**DATA SUPPLIED**
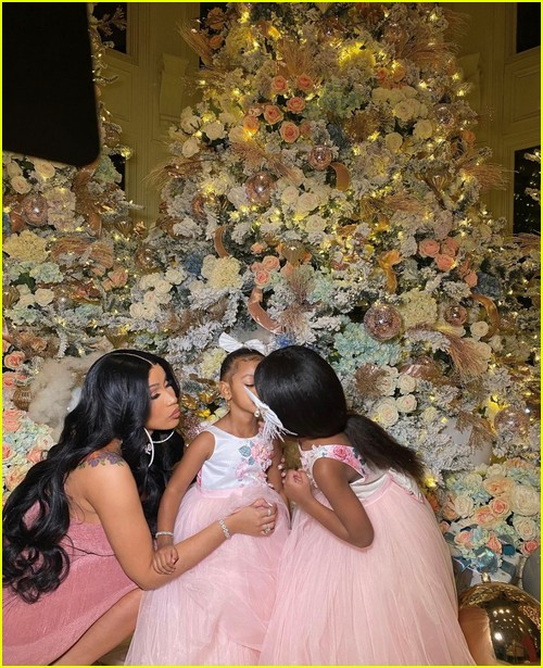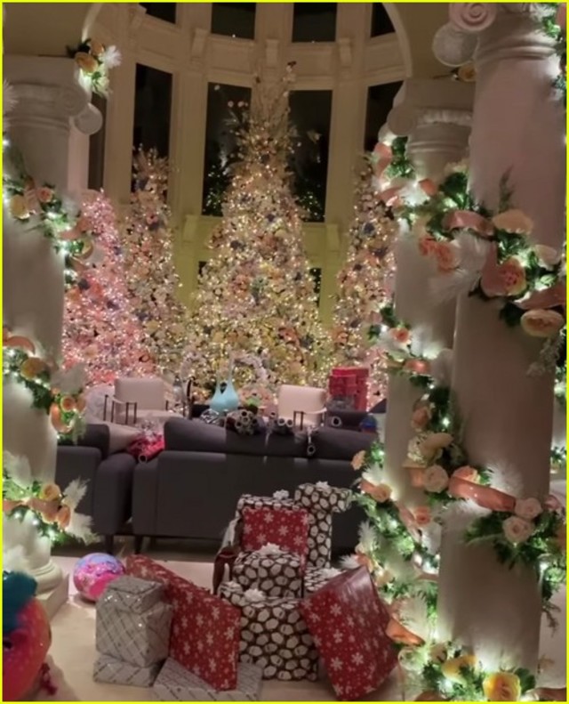A kislánya, Kulture, több felvételen is látható, ahogy a fa körül ólálkodik. A fotókon az is jól látszik, hogy idén a divatos rose gold és fehér színek domináltak.
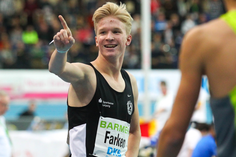 Robert Farken konnte Kräfte sparen, da über die 800 Meter der Männer das Starterfeld klein genug für ein Finale ohne Vorläufe wurde. Das 19-jährige SC DHfK-Talent lief ein routiniertes Rennen, setze sich nach der Kurvenvorgabe an die zweite Stelle, um nach 400 Metern dann die Führung zu übernehmen. Vor der letzten Kurve erwehrte er sich der Angriffe von Christoph Kessler (LG Karlsruhe) und behielt auch im Zielspurt die Nase vorn.
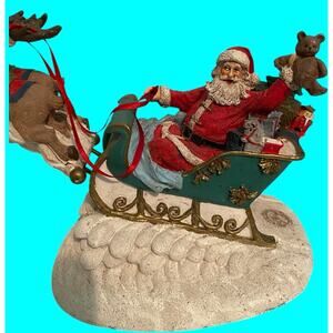• Hand-painted figurine of Santa in a sleigh being pulled by eight reindeer.
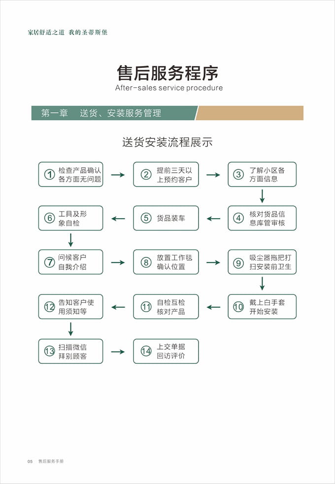 產(chǎn)品處理完畢后必須一站式通檢,指導客戶(hù)使用,并將服務(wù)過(guò)程中產(chǎn)生的垃圾隨手帶走,家具維修完畢后,應用毛巾將家具擦拭一遍,確保產(chǎn)品清潔。
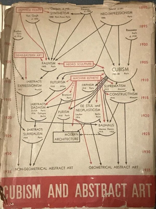 Looking at Alfred Barr’s chart (Figure 21), we can see how the different movements of Post-Impressionism of Paul Cézanne (1839-1906), Paul Gaugin (1848-1903), Vincent Van Gogh (1853-1890), and Georges Seurat (1859-1891), created the point of departure for the large number of movements that came to define the Modernist era. One of these directions stemmed from Van Gogh’s reaction to the “detachment” of Impressionism, reclaiming expressionism in paintings by creating “frenzied canvasses, passionate pictorial outbursts, saturated colors.”13 This lineage inspired the movements of Fauvism and the Expressionism, that, through color, gave insight to the “emotional and psychological states” in “all phases of contemporary life.”14 Norwegian artist Edvard Munch (1863-1944) anticipated this movement in his Scream (Figure 20) which could be interpreted as the cry that foresaw the distress of following decades. In the same vein, paintings like Street (Figure 22) by Ernst Ludwig Kirchner (1880-1938), which showed an image of the everyday crowd in Dresden, exhibited the “alienation wrought by modernization” by the intense use of color and by depicting the crowd with mask-like faces.15
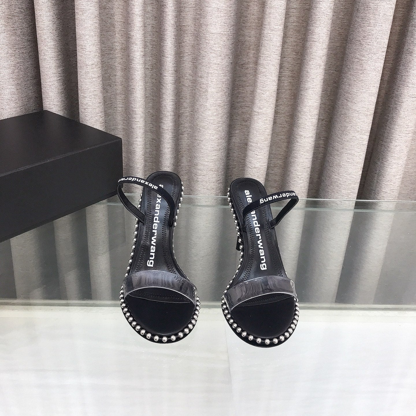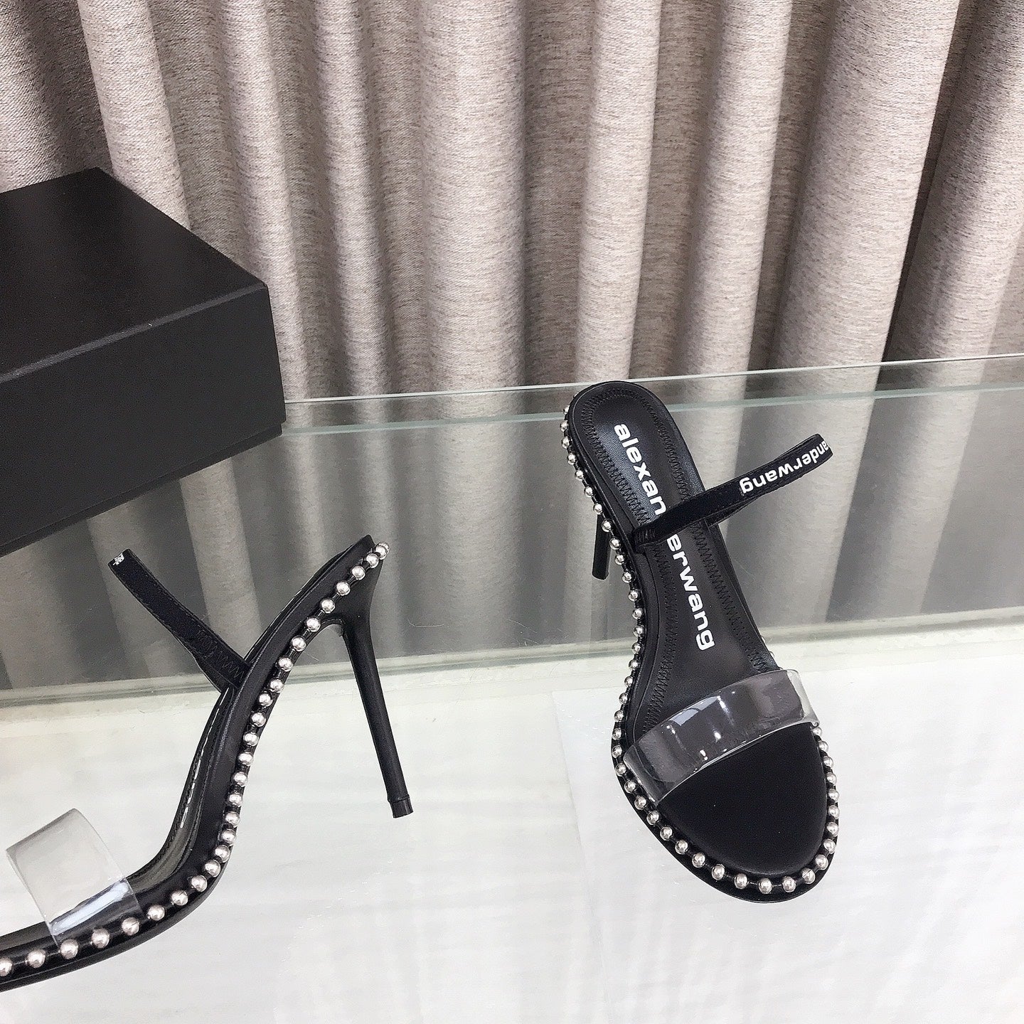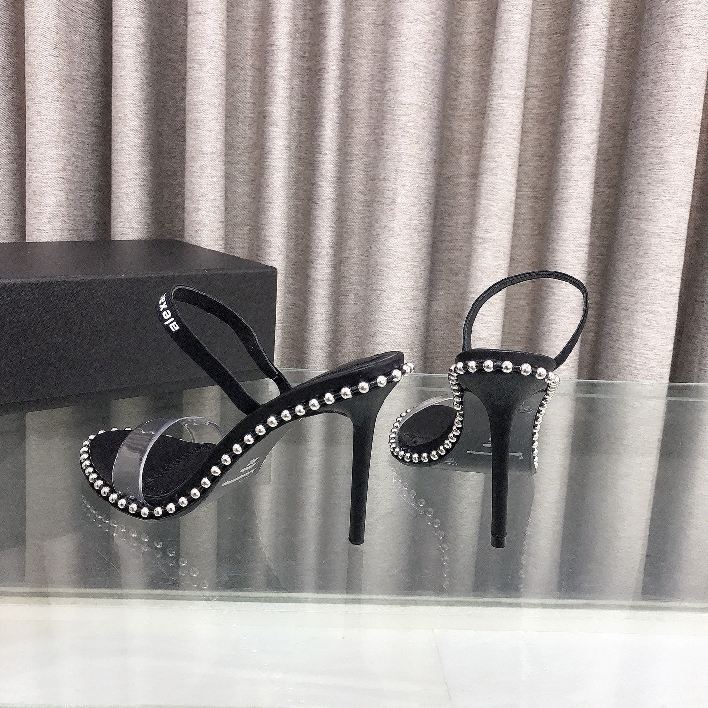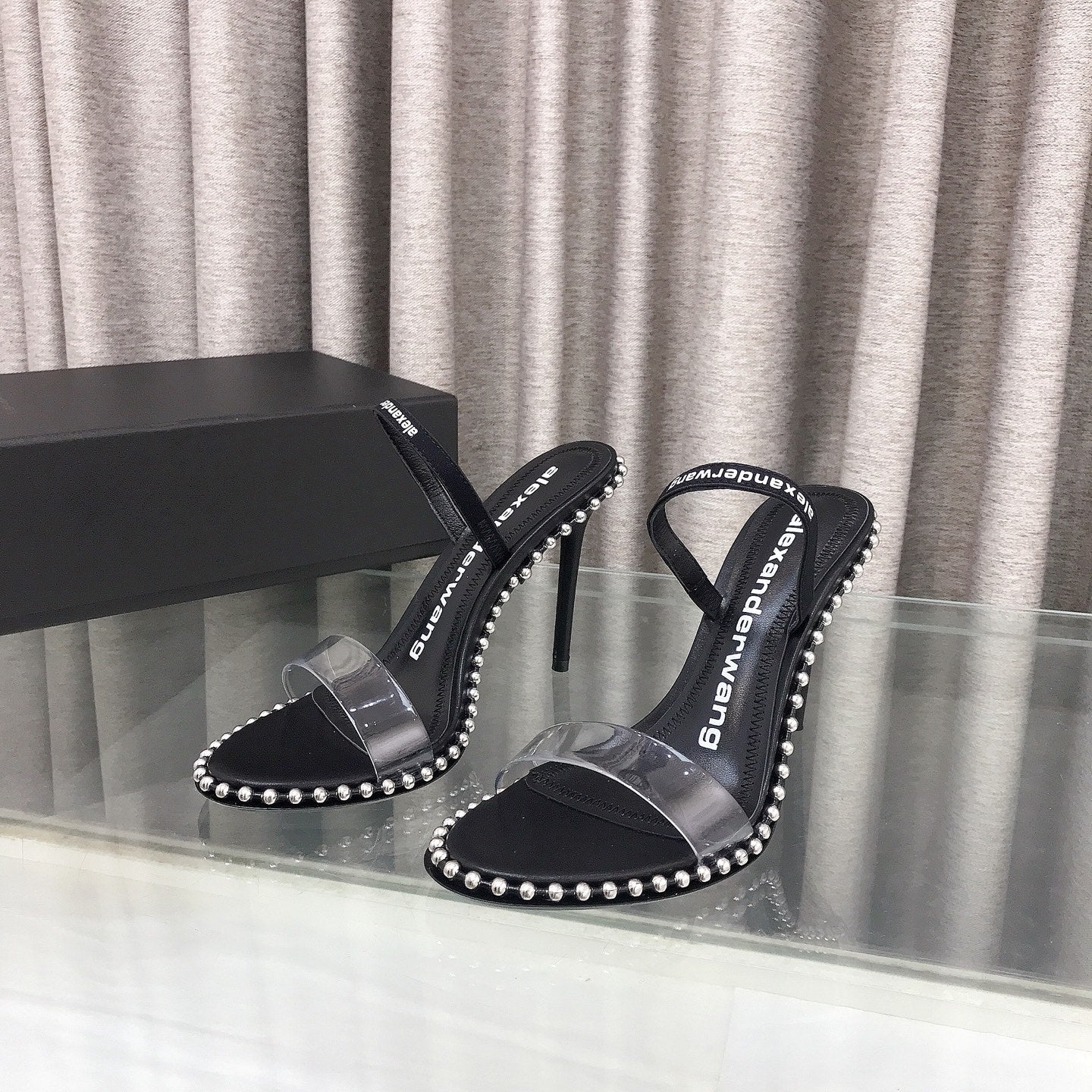 RHODES NOVA HIGH HEELS IN PVC STRAP AND BLACK CALFSKIN

**PROBLEM TO SOLVE**
With the pictures left out, write out exactly the lines above from the one containing "Robert Farken konnte" through the one containing "產(chǎn)品處理完畢后必".

**SOLUTION FOR THIS PROBLEM**
 Robert Farken konnte Kräfte sparen, da über die 800 Meter der Männer das Starterfeld klein genug für ein Finale ohne Vorläufe wurde. Das 19-jährige SC DHfK-Talent lief ein routiniertes Rennen, setze sich nach der Kurvenvorgabe an die zweite Stelle, um nach 400 Metern dann die Führung zu übernehmen. Vor der letzten Kurve erwehrte er sich der Angriffe von Christoph Kessler (LG Karlsruhe) und behielt auch im Zielspurt die Nase vorn.
• Hand-painted figurine of Santa in a sleigh being pulled by eight reindeer.
 產(chǎn)品處理完畢后必須一站式通檢,指導客戶(hù)使用,并將服務(wù)過(guò)程中產(chǎn)生的垃圾隨手帶走,家具維修完畢后,應用毛巾將家具擦拭一遍,確保產(chǎn)品清潔。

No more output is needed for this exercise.